◆ Task details: What needs reproducing is the run of lines in the data below starting at the line with "coccinellidae, flower, daisy, insect, seamless" and ending at the line with "SOUTH INDIAN OCEAN/MOZ", both ends included. Copy it exactly, without pictures, and add nothing.

**** Data records ****

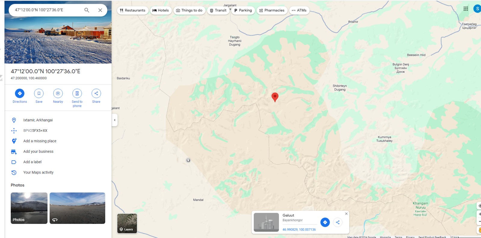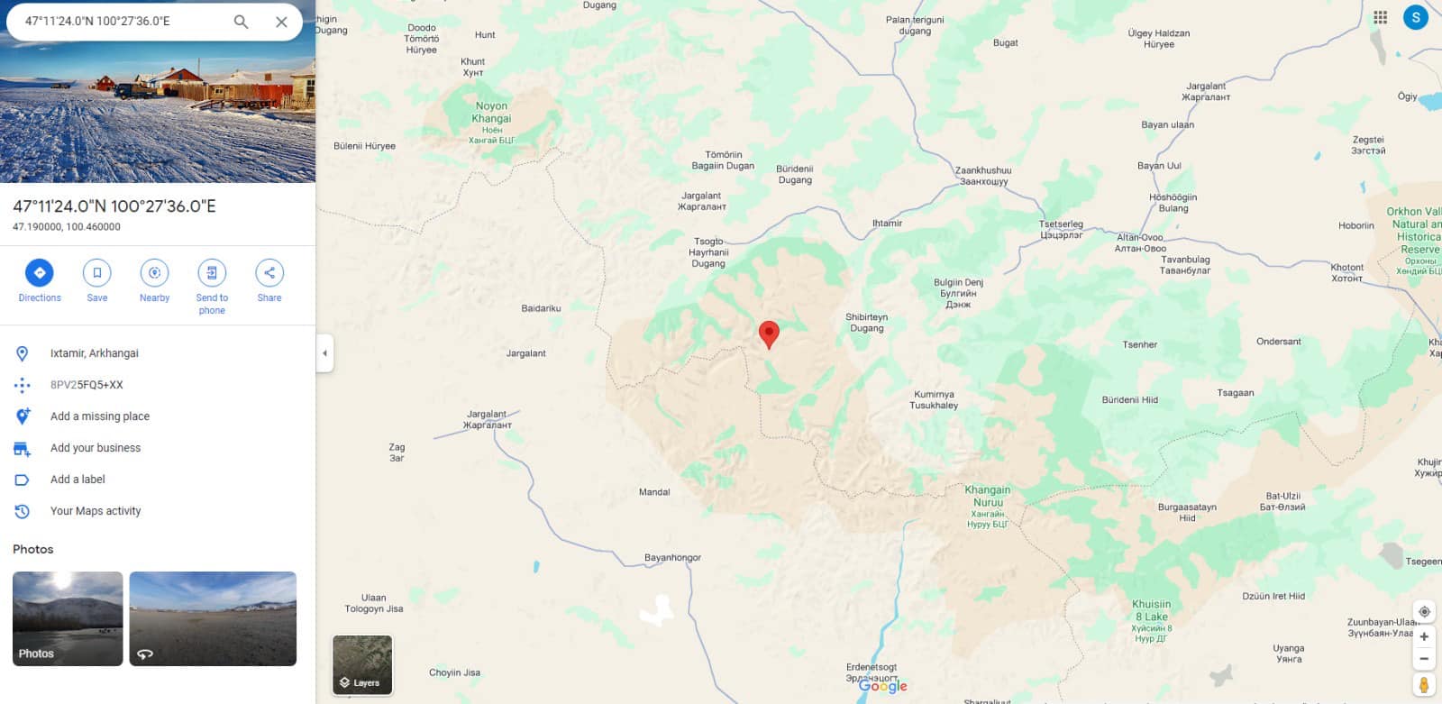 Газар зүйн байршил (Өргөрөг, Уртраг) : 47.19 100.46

****
**** Data records ****

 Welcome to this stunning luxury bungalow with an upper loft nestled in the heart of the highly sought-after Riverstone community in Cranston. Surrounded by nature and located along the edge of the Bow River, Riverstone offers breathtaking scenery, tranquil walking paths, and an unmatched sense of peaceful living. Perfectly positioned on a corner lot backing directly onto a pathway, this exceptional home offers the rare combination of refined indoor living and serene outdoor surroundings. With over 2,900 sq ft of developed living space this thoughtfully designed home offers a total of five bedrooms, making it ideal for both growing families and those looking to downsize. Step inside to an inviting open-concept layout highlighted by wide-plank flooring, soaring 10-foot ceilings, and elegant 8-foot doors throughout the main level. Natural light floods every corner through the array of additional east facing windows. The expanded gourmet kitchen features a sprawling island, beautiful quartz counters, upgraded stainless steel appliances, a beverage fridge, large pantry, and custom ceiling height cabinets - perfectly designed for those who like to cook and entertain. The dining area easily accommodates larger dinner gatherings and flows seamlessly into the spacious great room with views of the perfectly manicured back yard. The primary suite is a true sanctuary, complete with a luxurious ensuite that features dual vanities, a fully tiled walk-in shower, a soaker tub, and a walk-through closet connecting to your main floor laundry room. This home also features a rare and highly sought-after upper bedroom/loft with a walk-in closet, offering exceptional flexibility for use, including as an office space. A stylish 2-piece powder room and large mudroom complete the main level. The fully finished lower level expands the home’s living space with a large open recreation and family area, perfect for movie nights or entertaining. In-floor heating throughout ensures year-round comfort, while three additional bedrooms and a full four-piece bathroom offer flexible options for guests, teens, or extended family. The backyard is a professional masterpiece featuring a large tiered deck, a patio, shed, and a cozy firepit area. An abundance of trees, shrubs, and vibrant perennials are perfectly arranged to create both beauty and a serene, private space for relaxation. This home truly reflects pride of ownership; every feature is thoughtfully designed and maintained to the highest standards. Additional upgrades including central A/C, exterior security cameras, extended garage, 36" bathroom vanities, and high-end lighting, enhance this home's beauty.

****
**** Data records ****

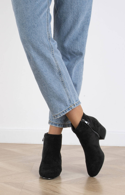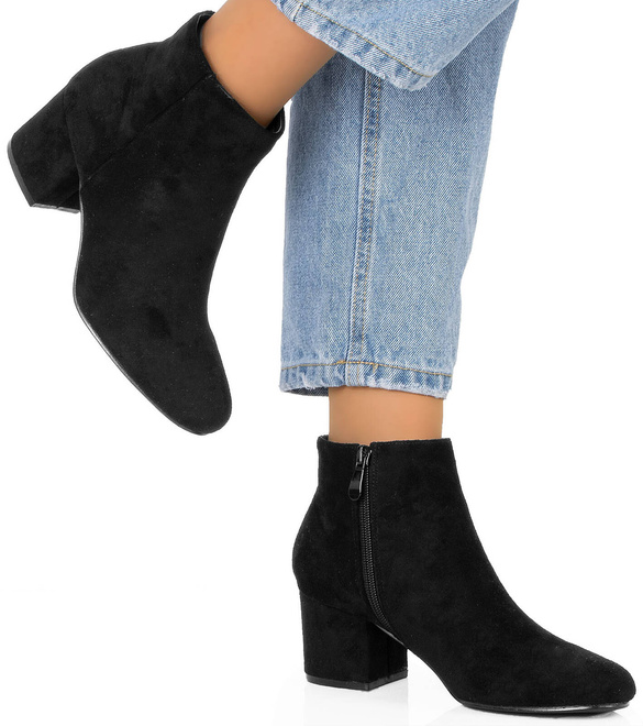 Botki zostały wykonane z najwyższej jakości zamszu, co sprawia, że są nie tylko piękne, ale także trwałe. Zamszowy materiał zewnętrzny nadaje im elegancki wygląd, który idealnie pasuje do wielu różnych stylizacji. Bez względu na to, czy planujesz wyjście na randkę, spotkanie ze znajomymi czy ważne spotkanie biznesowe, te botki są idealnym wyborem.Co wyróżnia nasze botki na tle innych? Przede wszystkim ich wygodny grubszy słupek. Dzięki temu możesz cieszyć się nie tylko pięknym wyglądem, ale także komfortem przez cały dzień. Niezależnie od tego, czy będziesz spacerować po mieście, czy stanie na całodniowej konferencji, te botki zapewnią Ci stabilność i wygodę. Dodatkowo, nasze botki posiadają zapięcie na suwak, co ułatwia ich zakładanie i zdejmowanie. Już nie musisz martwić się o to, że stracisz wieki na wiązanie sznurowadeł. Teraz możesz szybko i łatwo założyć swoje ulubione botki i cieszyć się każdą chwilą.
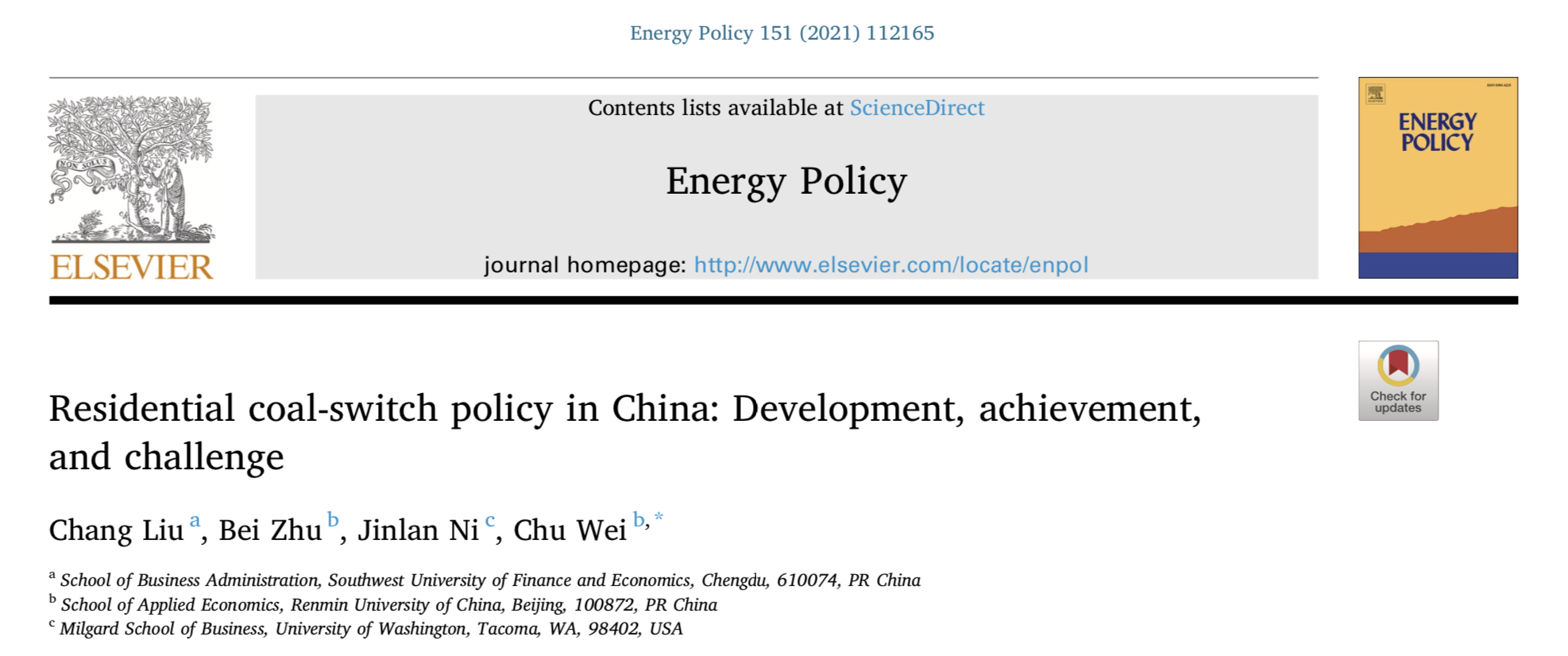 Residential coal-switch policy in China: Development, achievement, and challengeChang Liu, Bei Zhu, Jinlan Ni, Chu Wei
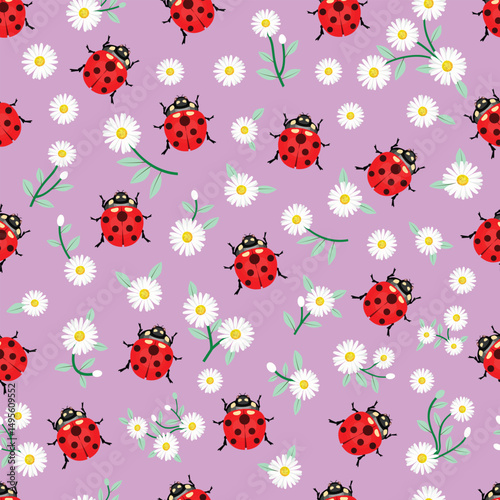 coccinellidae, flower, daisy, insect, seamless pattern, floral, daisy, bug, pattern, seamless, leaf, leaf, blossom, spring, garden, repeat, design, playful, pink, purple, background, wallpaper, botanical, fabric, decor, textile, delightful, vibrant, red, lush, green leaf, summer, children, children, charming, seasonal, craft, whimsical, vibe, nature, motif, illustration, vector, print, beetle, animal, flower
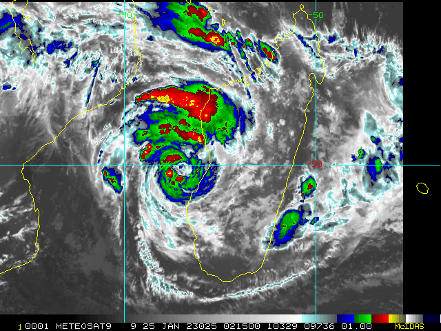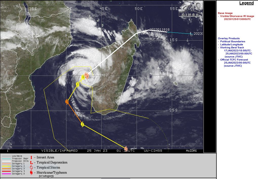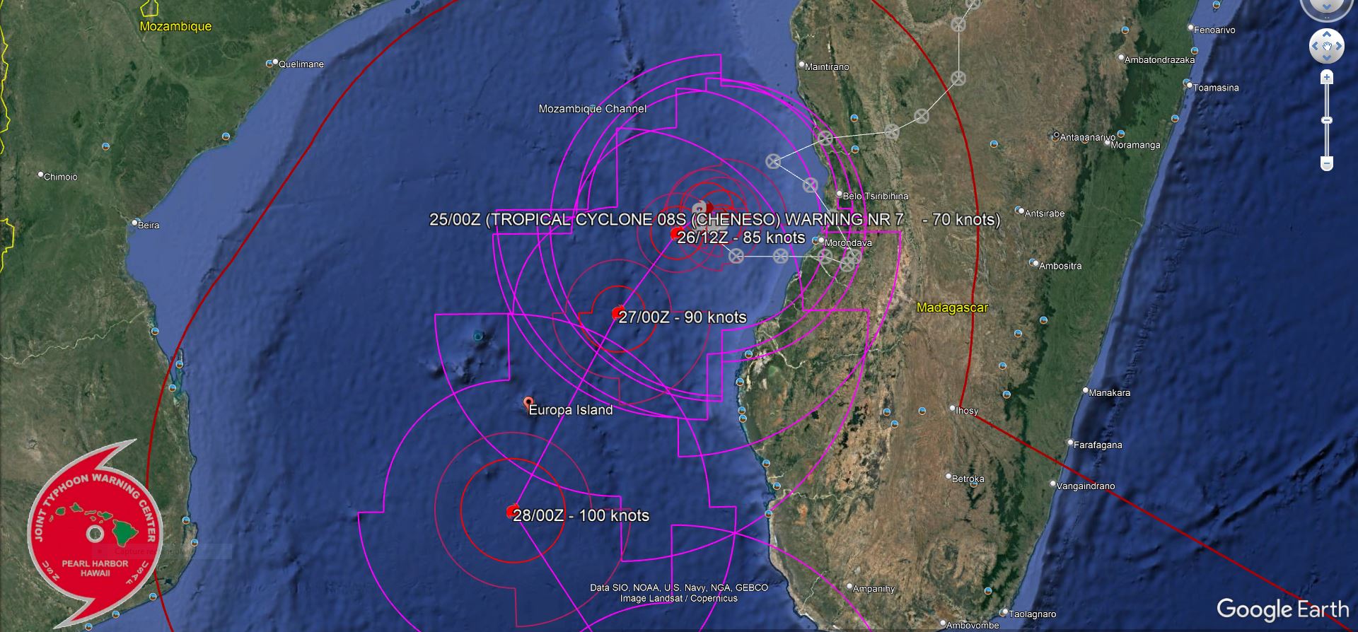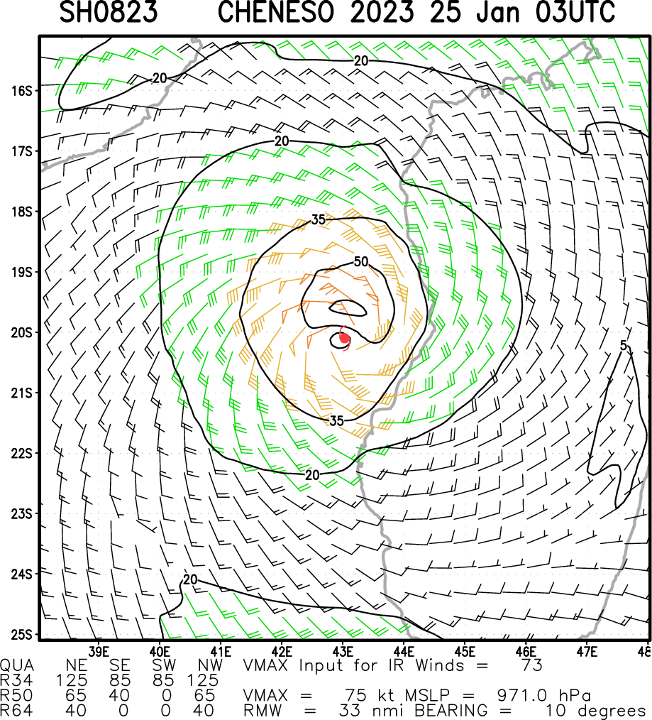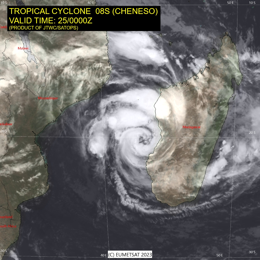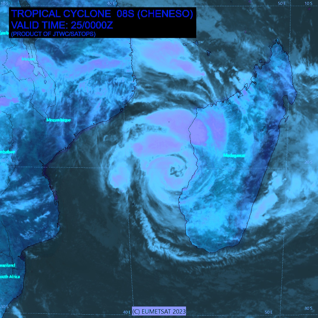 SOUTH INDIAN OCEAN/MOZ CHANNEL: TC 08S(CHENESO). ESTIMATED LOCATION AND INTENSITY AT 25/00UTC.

****

◆ Exercise output:
 coccinellidae, flower, daisy, insect, seamless pattern, floral, daisy, bug, pattern, seamless, leaf, leaf, blossom, spring, garden, repeat, design, playful, pink, purple, background, wallpaper, botanical, fabric, decor, textile, delightful, vibrant, red, lush, green leaf, summer, children, children, charming, seasonal, craft, whimsical, vibe, nature, motif, illustration, vector, print, beetle, animal, flower
 SOUTH INDIAN OCEAN/MOZ CHANNEL: TC 08S(CHENESO). ESTIMATED LOCATION AND INTENSITY AT 25/00UTC.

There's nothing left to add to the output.